Thomas gives the example of an event being organised in a hotel located in a valley so, although the predicted rain was only light, all the water collecting on the surrounding hills streamed down and flooded the venue’s lawns. “We always carry a variety of kit, including equipment that means we can put a marquee up in a car park if necessary. In this case, that’s what we had to do, as there was no way we could put it up on the rain-soaked ground.” Thomas and Gott both believe in bringing equipment to cover all situations, especially technical needs such as back-up laptops, extension leads and printers.
Julius Solaris, editor of the Event Manager Blog, adds that these days there is another potential problem area that managers are starting to encounter – social media. “It is not uncommon to see attendees expressing negative feedback on a speaker or the event organisation on networks such as Twitter,” she says. So how to combat it? “Keeping an active role on social networks usually helps with having constructive conversations and singles out troublemakers almost immediately,” says Solaris. Some people are determined to spoil the fun. But the best event managers outmanoeuvre them.
CASE STUDY: When volcanoes go wrong
In April 2010 the sleeping Eyjafjallajökull volcano in Iceland decided to wake up, erupting beneath its glacier ice cap and spewing out tons of ash that forced major airports across Europe to close.
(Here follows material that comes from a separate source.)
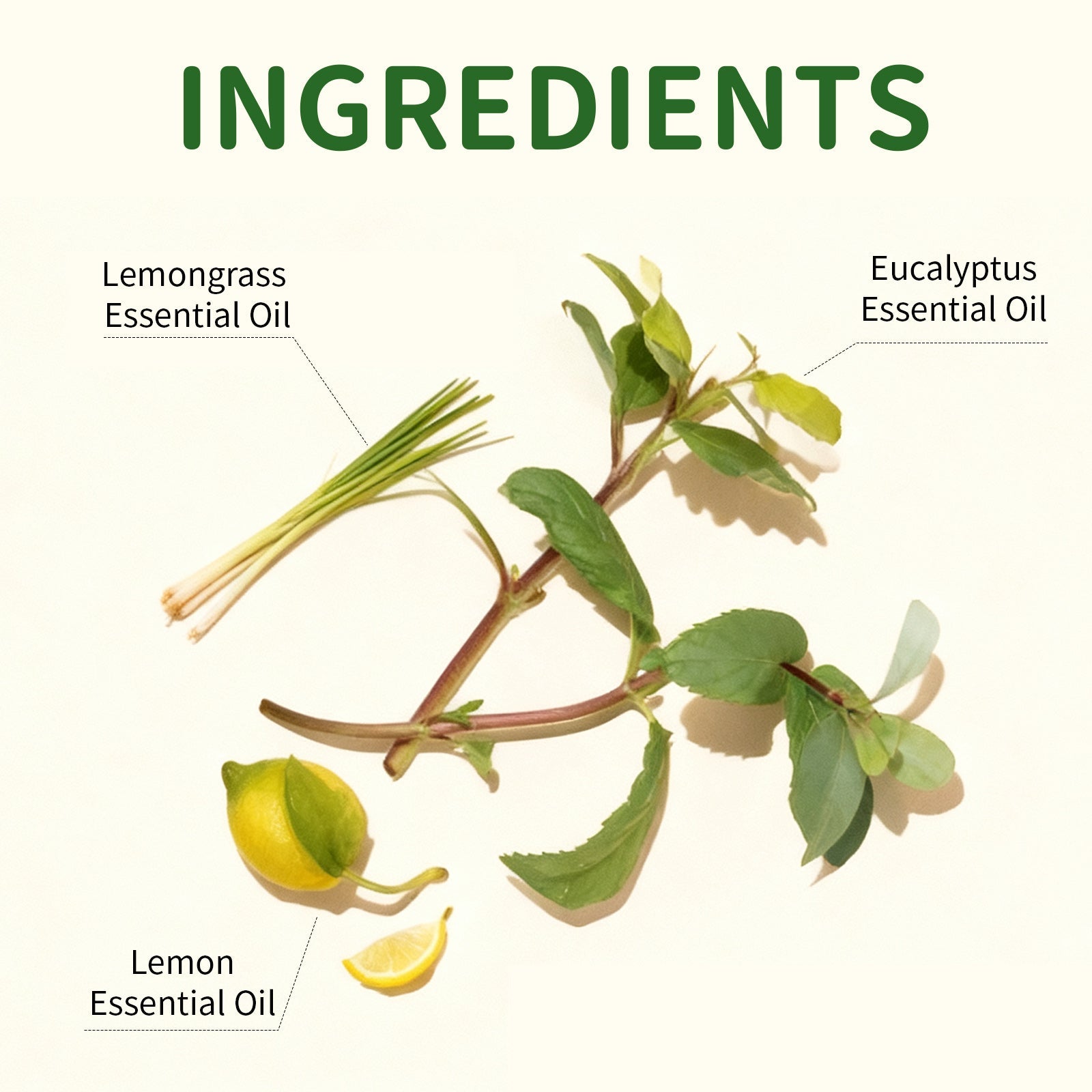 Natural Ingredients: Lemongrass, lemon, and eucalyptus essential oils

The news was full of stranded holidaymakers, but there were also thousands of British people missing from their desks after the chaos as return flights from conferences and business trips were cancelled.
Charlotte Graham-Cumming, managing director of marketing and events for the aptly named Ice Blue Sky, had 250 sales managers stranded in Lisbon. “The ash cloud was something so unpredictable that it caught even the most experienced event managers out,” she recalls. “Thankfully, we have always cultivated great working relationships with local companies in the overseas locations where we have events taking place. That’s something I would advise any manager organising events abroad to do.
“This really came into its own when the ash cloud hit. We were able to contact several travel and hospitality companies on the ground in Lisbon. Because we had developed such good relationships with them, they were quick to help out and we were able to secure alternative transport back to the UK for the delegates.”